_What is being asked_
Each line from the one containing "The mark that" through the last line of the data below should be printed exactly, please, with any pictures omitted.

_Dataset extract_

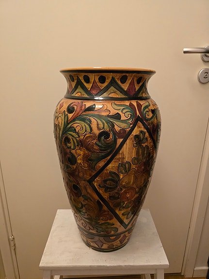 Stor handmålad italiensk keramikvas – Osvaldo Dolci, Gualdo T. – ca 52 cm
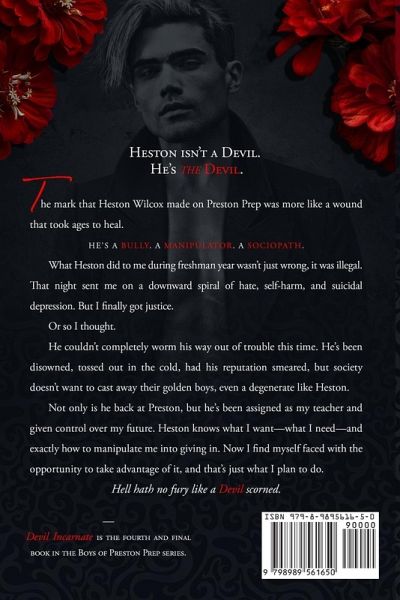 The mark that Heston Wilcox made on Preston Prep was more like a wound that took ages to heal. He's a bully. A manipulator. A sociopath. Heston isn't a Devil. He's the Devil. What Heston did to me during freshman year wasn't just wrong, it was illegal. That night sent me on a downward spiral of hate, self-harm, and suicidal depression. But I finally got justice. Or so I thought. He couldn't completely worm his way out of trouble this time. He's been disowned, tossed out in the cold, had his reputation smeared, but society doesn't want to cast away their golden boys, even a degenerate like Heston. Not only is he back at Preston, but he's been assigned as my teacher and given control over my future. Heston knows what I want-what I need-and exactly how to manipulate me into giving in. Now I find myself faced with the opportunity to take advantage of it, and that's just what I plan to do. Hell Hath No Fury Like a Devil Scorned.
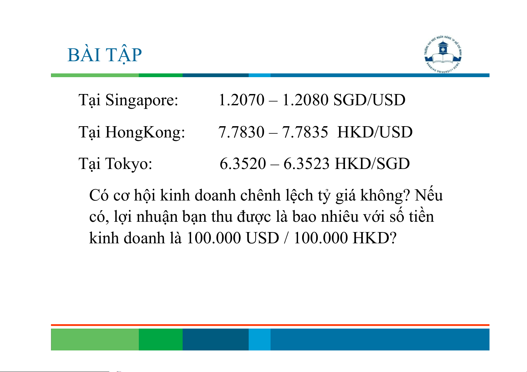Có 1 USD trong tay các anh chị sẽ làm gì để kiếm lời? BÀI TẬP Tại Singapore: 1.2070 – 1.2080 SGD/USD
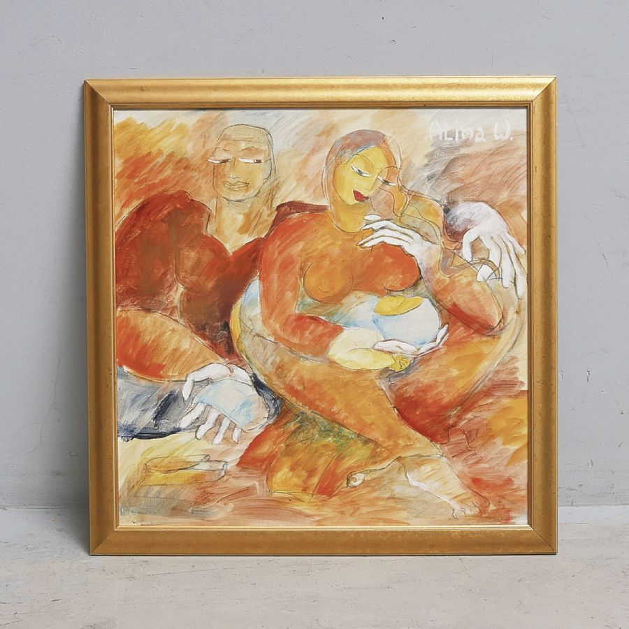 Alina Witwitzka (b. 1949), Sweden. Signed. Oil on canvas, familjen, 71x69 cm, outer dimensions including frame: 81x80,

_Result of the task_
 The mark that Heston Wilcox made on Preston Prep was more like a wound that took ages to heal. He's a bully. A manipulator. A sociopath. Heston isn't a Devil. He's the Devil. What Heston did to me during freshman year wasn't just wrong, it was illegal. That night sent me on a downward spiral of hate, self-harm, and suicidal depression. But I finally got justice. Or so I thought. He couldn't completely worm his way out of trouble this time. He's been disowned, tossed out in the cold, had his reputation smeared, but society doesn't want to cast away their golden boys, even a degenerate like Heston. Not only is he back at Preston, but he's been assigned as my teacher and given control over my future. Heston knows what I want-what I need-and exactly how to manipulate me into giving in. Now I find myself faced with the opportunity to take advantage of it, and that's just what I plan to do. Hell Hath No Fury Like a Devil Scorned.
Có 1 USD trong tay các anh chị sẽ làm gì để kiếm lời? BÀI TẬP Tại Singapore: 1.2070 – 1.2080 SGD/USD
 Alina Witwitzka (b. 1949), Sweden. Signed. Oil on canvas, familjen, 71x69 cm, outer dimensions including frame: 81x80,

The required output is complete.